More from the archive in Business, Search.

Why Google's IPO was a success (08.22.2004)

Next Entry: Fox's "slavish adherence to the White House line" (08.23.2004)
Previous Entry: The Outfoxed Drinking Game (08.22.2004)

Read the 4 comments.

foov2:

Kudos to google for a successful IPO. Now what? Some say google goes to the moon and unseats EBAY in the auction market. Other says, it is overpriced here and goes to $40 in a year. As always, only time will tell.

Personally, I think it is wrong that the voting shares are still closely held by the management (their shares count for 10 votes each and the public shares count for 1).
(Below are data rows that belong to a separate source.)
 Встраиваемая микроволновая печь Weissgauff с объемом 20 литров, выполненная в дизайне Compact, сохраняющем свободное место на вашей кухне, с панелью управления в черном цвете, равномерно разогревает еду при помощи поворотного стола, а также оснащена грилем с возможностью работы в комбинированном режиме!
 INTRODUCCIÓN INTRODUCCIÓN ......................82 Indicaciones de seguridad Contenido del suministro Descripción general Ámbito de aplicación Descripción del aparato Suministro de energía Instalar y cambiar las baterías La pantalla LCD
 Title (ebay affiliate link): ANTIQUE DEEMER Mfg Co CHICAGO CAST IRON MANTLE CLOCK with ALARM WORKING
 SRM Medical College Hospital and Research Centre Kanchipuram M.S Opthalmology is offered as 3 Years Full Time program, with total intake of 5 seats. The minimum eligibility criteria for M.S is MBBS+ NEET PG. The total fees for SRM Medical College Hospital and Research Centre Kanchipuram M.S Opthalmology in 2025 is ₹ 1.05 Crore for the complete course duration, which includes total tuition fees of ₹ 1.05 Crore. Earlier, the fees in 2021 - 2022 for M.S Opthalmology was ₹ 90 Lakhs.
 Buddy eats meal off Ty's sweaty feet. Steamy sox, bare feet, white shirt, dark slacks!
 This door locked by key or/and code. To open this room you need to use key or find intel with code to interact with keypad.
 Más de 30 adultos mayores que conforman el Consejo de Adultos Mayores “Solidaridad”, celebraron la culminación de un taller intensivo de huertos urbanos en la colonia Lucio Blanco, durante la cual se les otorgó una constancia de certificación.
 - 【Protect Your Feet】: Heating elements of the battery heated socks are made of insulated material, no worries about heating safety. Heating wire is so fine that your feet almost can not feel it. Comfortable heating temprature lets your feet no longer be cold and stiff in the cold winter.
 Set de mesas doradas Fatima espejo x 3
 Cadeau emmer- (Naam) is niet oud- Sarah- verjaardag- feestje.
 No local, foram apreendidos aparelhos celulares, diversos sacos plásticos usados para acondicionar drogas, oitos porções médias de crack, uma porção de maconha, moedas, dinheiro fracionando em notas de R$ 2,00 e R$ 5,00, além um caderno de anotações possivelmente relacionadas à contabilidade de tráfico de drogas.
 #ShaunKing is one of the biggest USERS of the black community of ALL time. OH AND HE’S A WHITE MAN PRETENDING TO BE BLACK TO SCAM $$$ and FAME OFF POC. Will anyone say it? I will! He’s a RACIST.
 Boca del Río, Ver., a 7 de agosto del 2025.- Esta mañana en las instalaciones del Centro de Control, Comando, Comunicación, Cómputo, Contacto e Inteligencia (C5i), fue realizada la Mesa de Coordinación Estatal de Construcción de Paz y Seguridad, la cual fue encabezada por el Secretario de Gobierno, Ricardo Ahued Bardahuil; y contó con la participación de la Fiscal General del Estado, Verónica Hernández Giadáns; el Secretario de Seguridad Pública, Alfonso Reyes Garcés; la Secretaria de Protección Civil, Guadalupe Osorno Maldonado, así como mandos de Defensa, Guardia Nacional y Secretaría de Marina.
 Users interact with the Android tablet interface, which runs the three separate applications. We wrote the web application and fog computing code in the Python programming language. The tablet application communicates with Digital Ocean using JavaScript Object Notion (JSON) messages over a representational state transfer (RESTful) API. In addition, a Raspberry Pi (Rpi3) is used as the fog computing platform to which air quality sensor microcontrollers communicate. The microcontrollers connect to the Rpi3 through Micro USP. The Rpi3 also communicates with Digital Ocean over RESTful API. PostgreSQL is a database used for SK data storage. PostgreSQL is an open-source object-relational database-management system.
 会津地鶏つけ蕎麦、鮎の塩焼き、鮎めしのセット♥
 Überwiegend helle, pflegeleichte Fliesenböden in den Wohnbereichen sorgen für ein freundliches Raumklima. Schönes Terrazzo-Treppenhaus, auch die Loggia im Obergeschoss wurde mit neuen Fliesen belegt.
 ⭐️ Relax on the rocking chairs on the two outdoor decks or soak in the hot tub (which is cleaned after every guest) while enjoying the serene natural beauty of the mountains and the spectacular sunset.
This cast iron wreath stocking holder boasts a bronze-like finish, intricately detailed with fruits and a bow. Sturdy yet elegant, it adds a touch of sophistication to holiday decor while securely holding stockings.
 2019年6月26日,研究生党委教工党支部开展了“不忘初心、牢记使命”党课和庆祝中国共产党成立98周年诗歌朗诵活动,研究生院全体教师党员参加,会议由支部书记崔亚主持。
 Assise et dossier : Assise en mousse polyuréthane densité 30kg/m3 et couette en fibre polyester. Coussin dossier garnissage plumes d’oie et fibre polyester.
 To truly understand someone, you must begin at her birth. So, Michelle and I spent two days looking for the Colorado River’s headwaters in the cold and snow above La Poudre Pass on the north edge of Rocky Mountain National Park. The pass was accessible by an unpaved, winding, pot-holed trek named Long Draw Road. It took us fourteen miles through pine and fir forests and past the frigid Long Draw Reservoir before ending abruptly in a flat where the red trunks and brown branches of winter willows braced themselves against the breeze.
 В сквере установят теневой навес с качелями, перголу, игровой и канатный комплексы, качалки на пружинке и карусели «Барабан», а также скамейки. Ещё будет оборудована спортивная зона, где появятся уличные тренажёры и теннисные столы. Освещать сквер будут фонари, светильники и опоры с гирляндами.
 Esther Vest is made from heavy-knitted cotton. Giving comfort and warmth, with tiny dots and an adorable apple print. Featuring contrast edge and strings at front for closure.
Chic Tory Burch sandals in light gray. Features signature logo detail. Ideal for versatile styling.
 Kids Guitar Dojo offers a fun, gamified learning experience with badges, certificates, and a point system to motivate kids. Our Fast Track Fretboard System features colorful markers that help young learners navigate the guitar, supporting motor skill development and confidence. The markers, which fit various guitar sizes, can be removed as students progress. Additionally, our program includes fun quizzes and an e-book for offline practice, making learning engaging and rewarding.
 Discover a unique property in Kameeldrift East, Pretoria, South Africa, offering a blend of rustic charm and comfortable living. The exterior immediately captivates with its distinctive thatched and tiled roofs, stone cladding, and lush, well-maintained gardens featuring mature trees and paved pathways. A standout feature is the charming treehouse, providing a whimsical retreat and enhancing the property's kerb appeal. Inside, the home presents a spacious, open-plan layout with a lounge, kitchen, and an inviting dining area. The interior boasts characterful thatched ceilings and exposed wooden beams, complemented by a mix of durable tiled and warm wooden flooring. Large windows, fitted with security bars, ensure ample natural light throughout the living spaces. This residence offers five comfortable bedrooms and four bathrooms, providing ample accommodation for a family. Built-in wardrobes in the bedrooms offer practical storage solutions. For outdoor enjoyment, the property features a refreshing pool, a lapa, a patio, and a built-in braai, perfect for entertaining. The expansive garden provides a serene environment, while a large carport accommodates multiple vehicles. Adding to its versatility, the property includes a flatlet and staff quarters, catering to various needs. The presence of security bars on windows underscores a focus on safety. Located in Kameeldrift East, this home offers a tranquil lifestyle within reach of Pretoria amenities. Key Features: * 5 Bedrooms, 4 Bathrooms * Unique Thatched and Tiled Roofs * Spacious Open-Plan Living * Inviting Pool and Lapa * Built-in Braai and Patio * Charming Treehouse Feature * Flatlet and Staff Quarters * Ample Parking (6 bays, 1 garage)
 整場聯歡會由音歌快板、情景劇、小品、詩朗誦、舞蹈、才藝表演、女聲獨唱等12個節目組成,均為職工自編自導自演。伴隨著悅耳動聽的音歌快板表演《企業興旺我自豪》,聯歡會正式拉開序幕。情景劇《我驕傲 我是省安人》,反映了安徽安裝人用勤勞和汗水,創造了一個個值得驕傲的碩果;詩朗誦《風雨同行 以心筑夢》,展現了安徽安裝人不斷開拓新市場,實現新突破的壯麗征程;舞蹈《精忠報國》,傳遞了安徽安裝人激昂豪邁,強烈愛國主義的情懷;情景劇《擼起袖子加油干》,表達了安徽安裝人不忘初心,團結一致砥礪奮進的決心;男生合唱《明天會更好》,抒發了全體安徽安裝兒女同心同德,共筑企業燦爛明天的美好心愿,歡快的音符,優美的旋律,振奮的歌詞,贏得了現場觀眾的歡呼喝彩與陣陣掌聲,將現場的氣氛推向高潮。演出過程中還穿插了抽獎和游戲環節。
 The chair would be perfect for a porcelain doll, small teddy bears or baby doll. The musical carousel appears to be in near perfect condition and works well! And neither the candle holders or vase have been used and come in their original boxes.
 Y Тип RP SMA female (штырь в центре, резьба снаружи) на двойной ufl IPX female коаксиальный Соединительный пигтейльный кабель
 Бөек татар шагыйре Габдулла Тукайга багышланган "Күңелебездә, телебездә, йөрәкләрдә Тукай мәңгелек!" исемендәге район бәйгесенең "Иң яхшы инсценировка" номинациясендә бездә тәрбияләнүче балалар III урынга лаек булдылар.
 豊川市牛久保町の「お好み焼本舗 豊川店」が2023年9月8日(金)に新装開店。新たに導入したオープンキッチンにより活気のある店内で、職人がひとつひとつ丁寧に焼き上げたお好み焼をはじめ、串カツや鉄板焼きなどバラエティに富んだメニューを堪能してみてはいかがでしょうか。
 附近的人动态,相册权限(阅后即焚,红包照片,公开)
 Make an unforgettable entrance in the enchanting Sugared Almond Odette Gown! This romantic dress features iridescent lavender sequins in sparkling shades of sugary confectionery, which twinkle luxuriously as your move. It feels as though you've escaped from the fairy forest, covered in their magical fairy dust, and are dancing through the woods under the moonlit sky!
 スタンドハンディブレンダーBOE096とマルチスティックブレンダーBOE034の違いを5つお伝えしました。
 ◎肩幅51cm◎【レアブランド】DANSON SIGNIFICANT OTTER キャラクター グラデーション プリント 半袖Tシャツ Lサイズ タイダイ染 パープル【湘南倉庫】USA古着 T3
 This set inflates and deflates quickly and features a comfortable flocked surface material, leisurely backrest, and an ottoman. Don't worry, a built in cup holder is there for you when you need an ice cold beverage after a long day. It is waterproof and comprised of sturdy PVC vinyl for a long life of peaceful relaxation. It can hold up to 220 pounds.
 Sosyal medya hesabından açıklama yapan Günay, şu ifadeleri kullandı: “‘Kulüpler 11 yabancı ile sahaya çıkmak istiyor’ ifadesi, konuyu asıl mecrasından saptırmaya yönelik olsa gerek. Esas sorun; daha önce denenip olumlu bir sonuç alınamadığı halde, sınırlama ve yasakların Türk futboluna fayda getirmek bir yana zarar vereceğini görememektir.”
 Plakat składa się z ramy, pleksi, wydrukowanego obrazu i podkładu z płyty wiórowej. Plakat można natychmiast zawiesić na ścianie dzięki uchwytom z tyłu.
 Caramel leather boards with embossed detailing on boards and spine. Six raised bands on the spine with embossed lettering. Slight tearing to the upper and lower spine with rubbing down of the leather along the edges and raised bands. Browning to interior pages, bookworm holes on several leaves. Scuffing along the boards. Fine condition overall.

In my opinion, it should be illegal and/or not allowed to be listed on a public exchange.

Whatever.

Sun Aug 22 2004 6:40 PM


dhermesc:

They raised a lot of money but that doesn't mean it "worked". Give it a year and ask the INVESTORS if it "worked" or not.

Mon Aug 23 2004 5:42 AM


Paul:

Wall Street's monopoly on IPO's is over. I couldn't be more tickled.

Mon Aug 23 2004 2:14 PM


Mark Prince:

I'm not quite sure that I understand what James Surowiecki was talking about in his comment about the google ipo "success". It was underwritten by Credit Suisse First Boston and Morgan Stanley as lead underwriters, two of the biggest underwriters that exist. In addition, the bidding process only prevented major firms from getting a large chunk of the ipo withot themselves working out the ipo price. All that they had to do was bid up the public auction process that google held, which they did because they have much deeper pockets than any private investor. So google's ipo was only a success at delaying the major firms from getting a bigger share of the offering earlier and at perhaps a more favorable price.